▶ _What you are asked to do_
Could you transcribe exactly the lines below, from the line with "Zwarte trui van" through the line with "Dibujo de dos", and nothing else, leaving out the pictures?

*** Working data ***

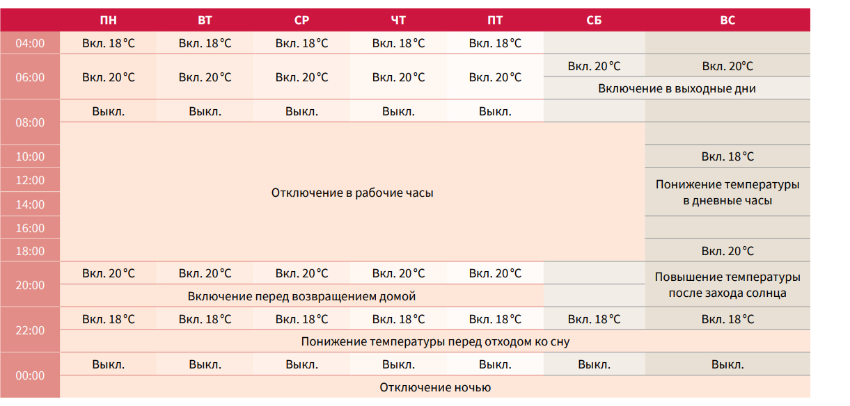 • Пульт управления снабжен недельным таймером с возможностью программировать до 6 включений и выключений кондиционера в течение каждого дня недели — с понедельника по воскресенье. Кроме того, в память пульта можно занести две индивидуальные программы работы: например, одну программу для летнего сезона, а другую — для зимнего.
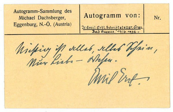 1 S. Qu.-8vo. “Nichtig ist alles, alles Schein, Nur Liebe - Wesen”. - Emil Ertl war seit 1889 Bibliothekar der TH Graz. Die Freundschaft mit Peter Rosegger brachte ihn als einen “der bedeutendsten Vertreter des österreichischen Heimat- und Geschichtsromans” (Öst. Lex. I, 298) zur Synthese von naturalistischer Milieuschilderung und gemütvollem Humor. Vgl. auch Kosch IV, 490f. - Aus der “Autogramm-Sammlung des Michael Dachsberger, Eggenburg, N.-Ö.” (so auf der Textseite gedr.) und mit montiertem, den Schriftsteller als Brustbild abbildenden Zeitungsausschnitt auf der Bildseite.
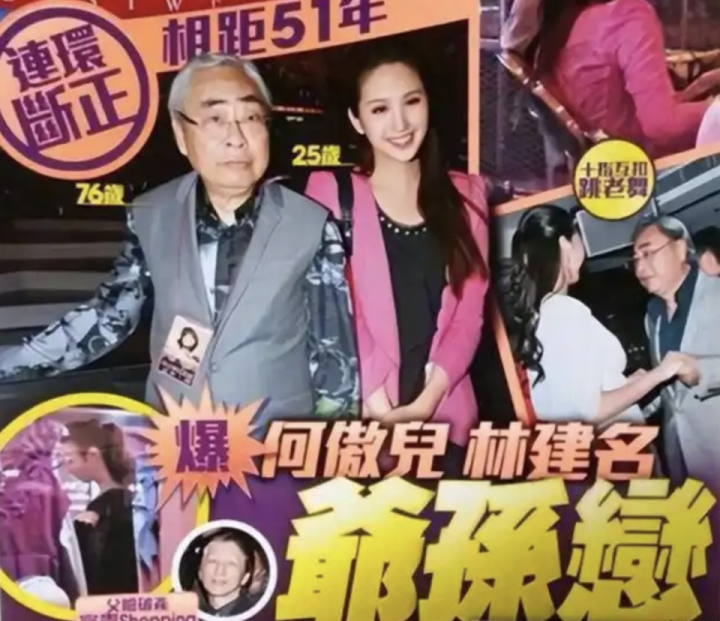 还有已故香港富商林建名与小自己51岁模特何傲儿,当年因女方父亲破产,何傲儿为替父还债与其交往。林建名每月提供高额生活费,但债务还清后,何傲儿逐渐疏远,最终两人转为“干父女”关系。
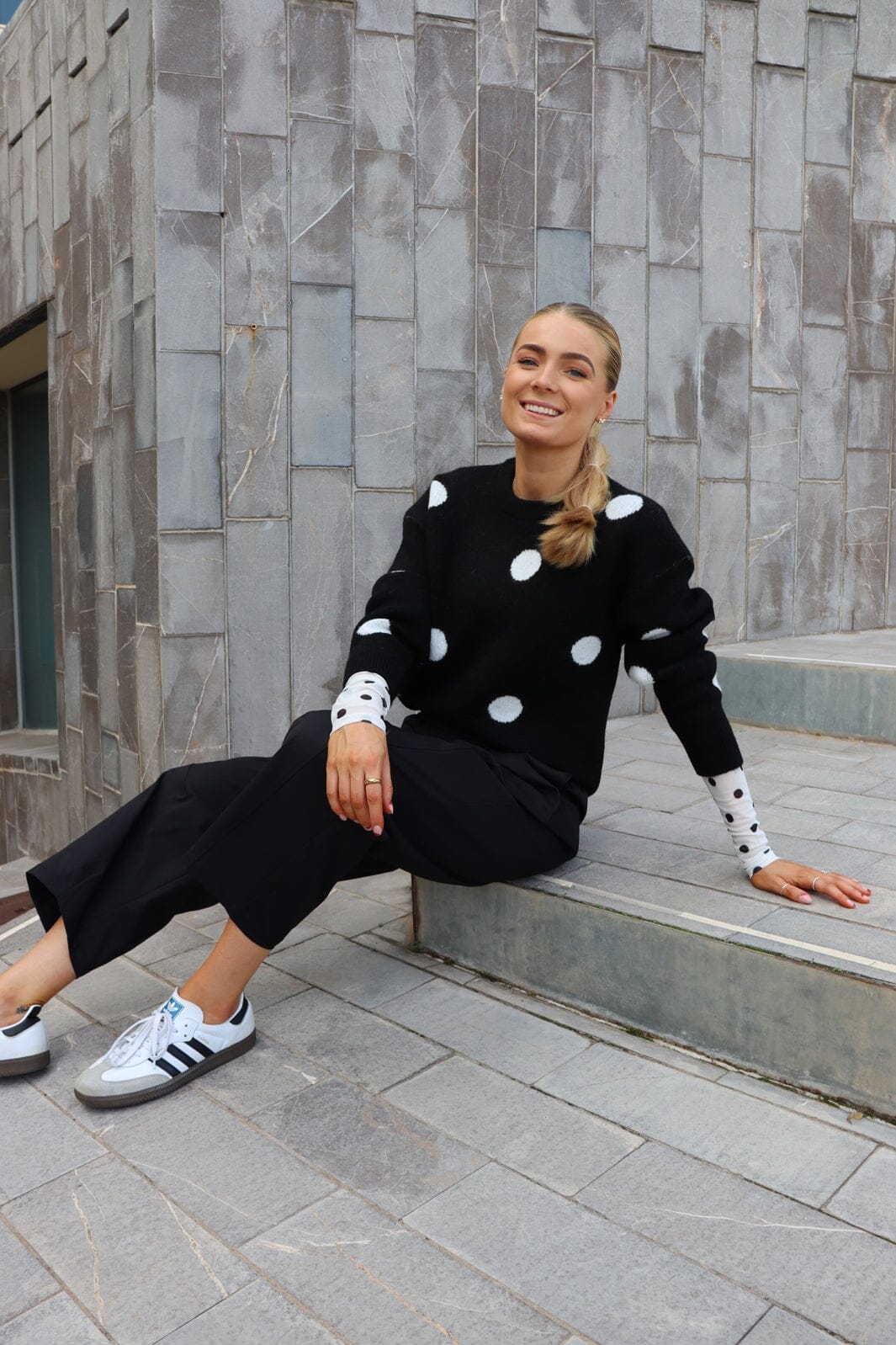 Zwarte trui van Liberte met witte stippen. De trui heeft een ronde halslijn, lange mouwen en een losse pasvorm.
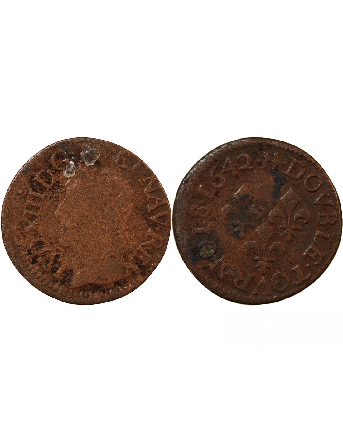France LOUIS XIII - DOUBLE TOURNOIS 1642 H LA ROCHELLE
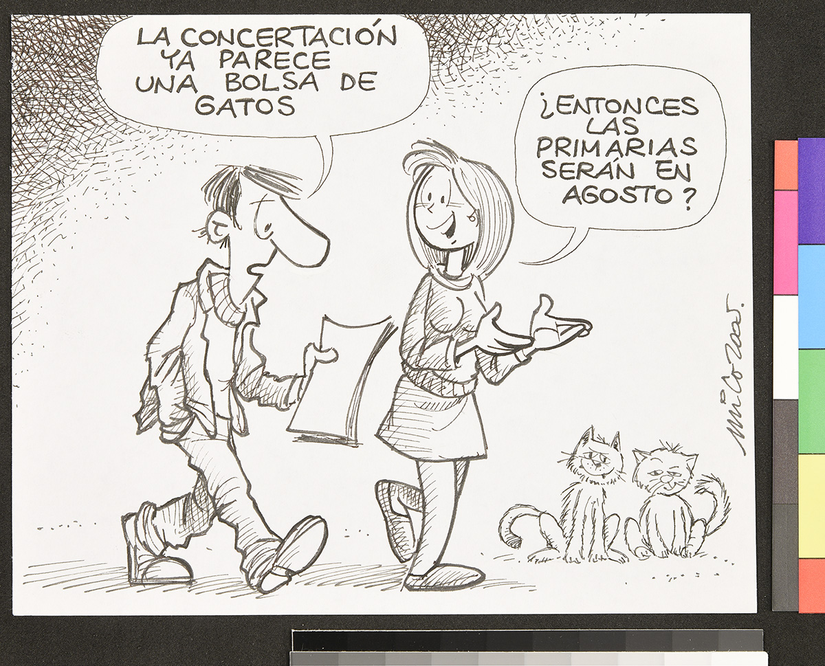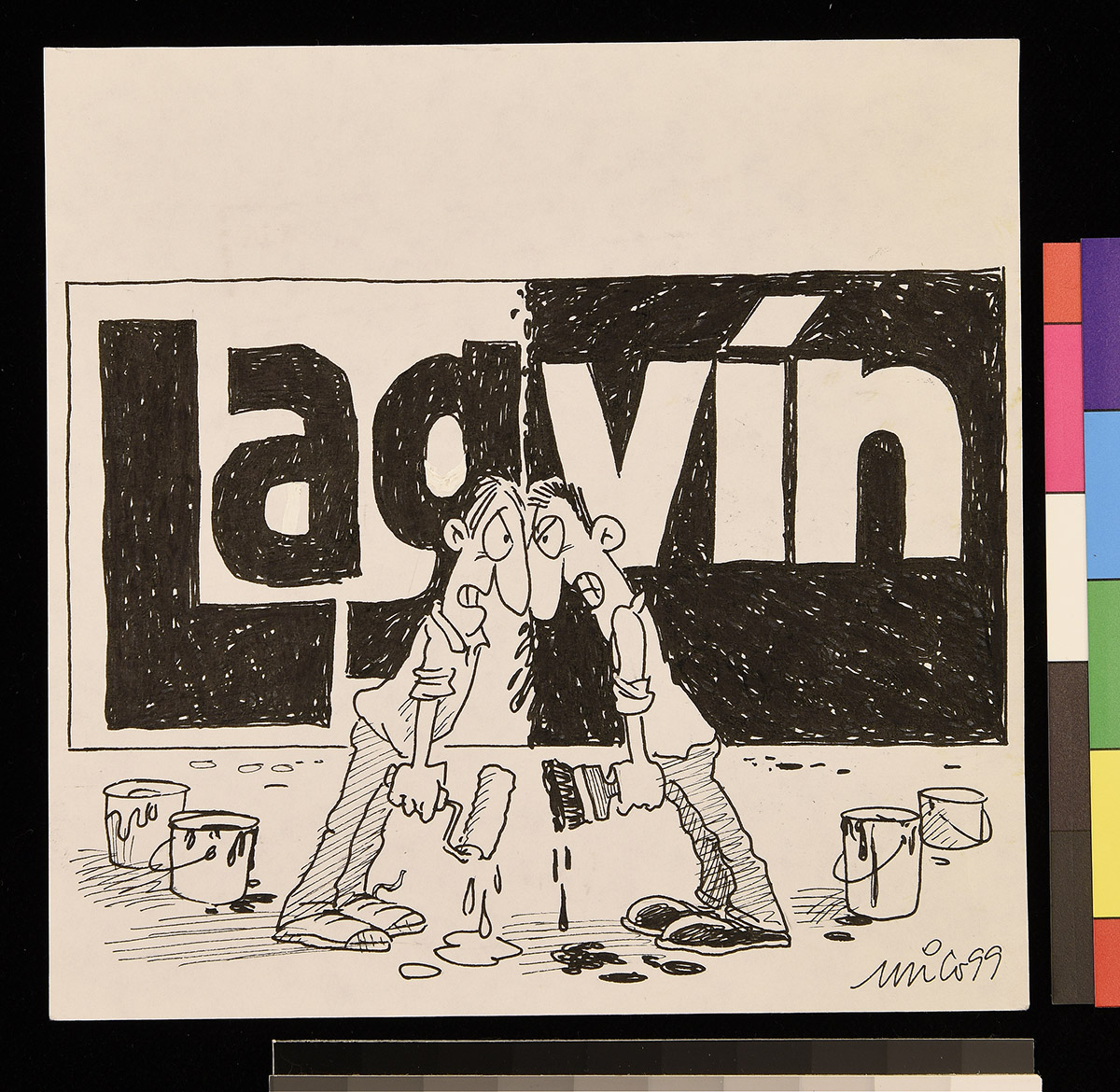 Dibujo de dos personas que están junto a una obra colgada en una muralla.
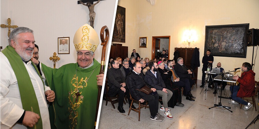 Dopo l’incontro, i giornalisti intervenuti hanno partecipato alla messa domenicale presieduta dall’arcivescovo Michele Seccia. Nell’omelia (LEGGI IL TESTO INTEGRALE) non ha tralasciato di salutare i giornalisti presenti: “C’è tra noi stasera, una bella rappresentanza di giornalisti e operatori della comunicazione, che nel giorno della loro festa organizzata dall’Ufficio diocesano per le comunicazioni, prima della messa, qui a Santa Croce, ha riflettuto proprio sull’autorevolezza dell’informazione e sugli interrogativi posti da Papa Francesco sull’avvento nella vita dell’uomo dell’Intelligenza Artificiale, nel suo Messaggio per la Giornata delle comunicazioni che celebreremo a maggio e che il Santo Padre ha già reso pubblico nel giorno della festa di San Francesco di Sales, patrono dei giornalisti, lo scorso 24 gennaio”.
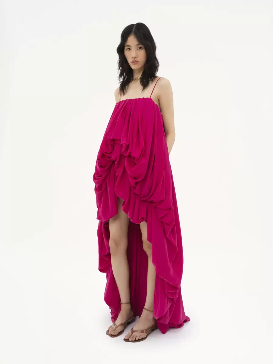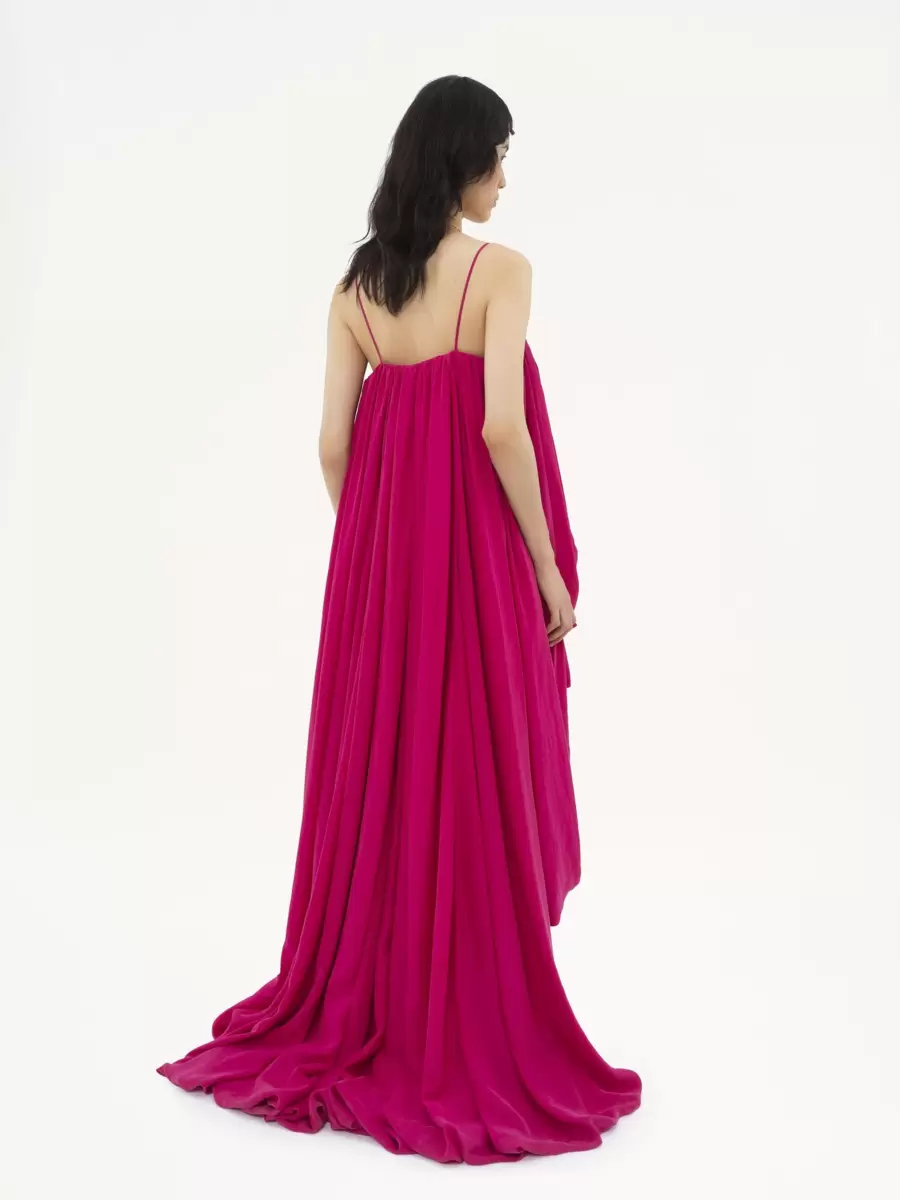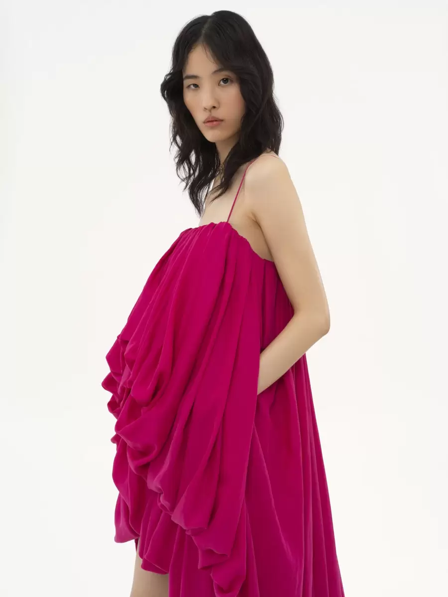 Tuta senza maniche asimmetrica in pongé di seta lavata, che unisce spalline sottili a una silhouette arricciata e svolazzante.

*** End of Working data ***

▶ _Response below_
 Zwarte trui van Liberte met witte stippen. De trui heeft een ronde halslijn, lange mouwen en een losse pasvorm.
France LOUIS XIII - DOUBLE TOURNOIS 1642 H LA ROCHELLE
 Dibujo de dos personas que están junto a una obra colgada en una muralla.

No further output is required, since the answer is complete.